# Task requirements
Although the listing below holds pictures, reproduce only its lines from the one containing "Te midden van weelderig" through the last, exactly and without them.

Supplied information below:

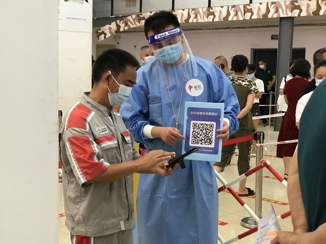 9月16日,91自拍 又提供启航大厦场地,协助长乐社区开展全员核酸检测工作。来自象屿建设、象屿股份、象屿地产的十多名志愿者也到场协助,为切断病毒传播、保障市民健康贡献象屿力量。从场外的引导居民排队,逐一测温、核对健康码,到场内的维序、解答、信息登记,随处可见志愿者们尽心尽力的忙碌身影。
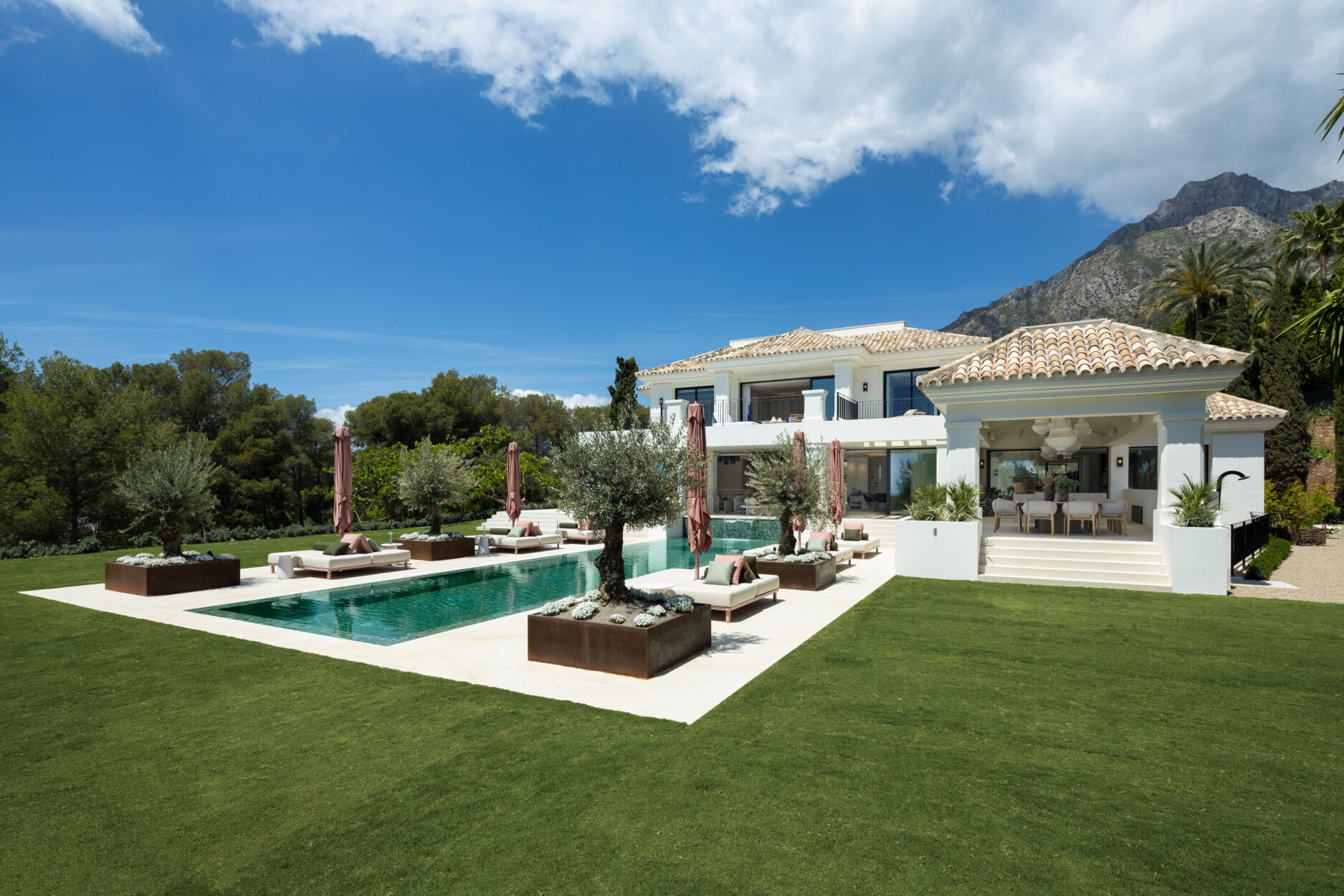 Te midden van weelderig groen op een groot perceel ligt het buitenzwembad, omringd door zorgvuldig onderhouden tuinen met panoramisch uitzicht op zee en de bergen. De terrassen zijn zorgvuldig ontworpen en nodigen u uit om te ontspannen te midden van een exquise inrichting, waaruit een ongeëvenaarde toewijding aan kwaliteit blijkt.
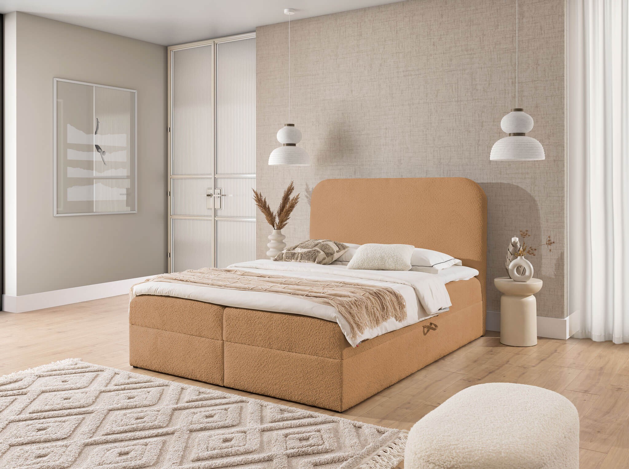 Łóżko kontynentalne z pojemnikiem i topperem ALBA | 200x200 | Kolor do wyboru
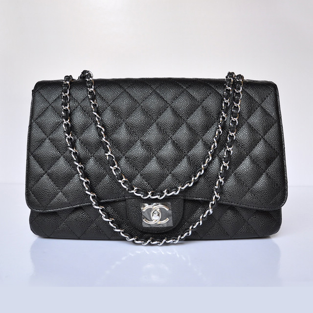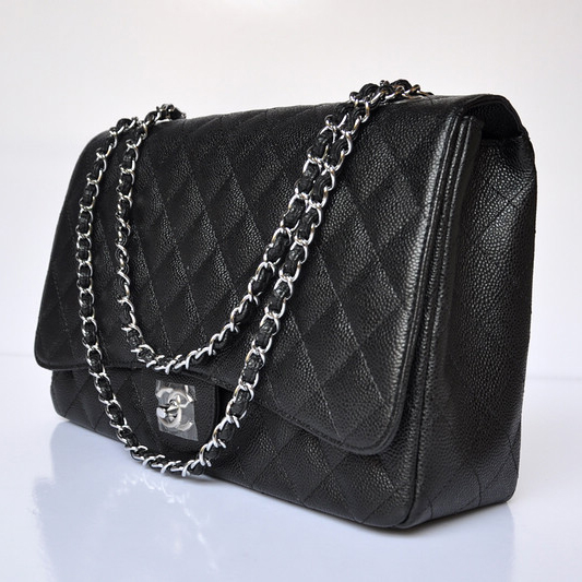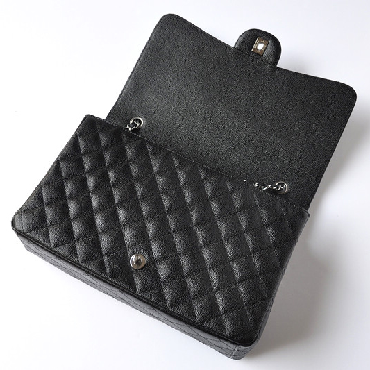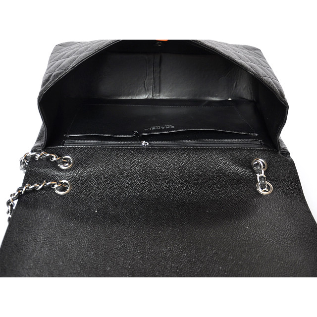 Chanel A47600 Caviar Leather Jumbo Flap Bag in Black with Silver

End of Supplied information.

# Output of the exercise
 Te midden van weelderig groen op een groot perceel ligt het buitenzwembad, omringd door zorgvuldig onderhouden tuinen met panoramisch uitzicht op zee en de bergen. De terrassen zijn zorgvuldig ontworpen en nodigen u uit om te ontspannen te midden van een exquise inrichting, waaruit een ongeëvenaarde toewijding aan kwaliteit blijkt.
 Łóżko kontynentalne z pojemnikiem i topperem ALBA | 200x200 | Kolor do wyboru
 Chanel A47600 Caviar Leather Jumbo Flap Bag in Black with Silver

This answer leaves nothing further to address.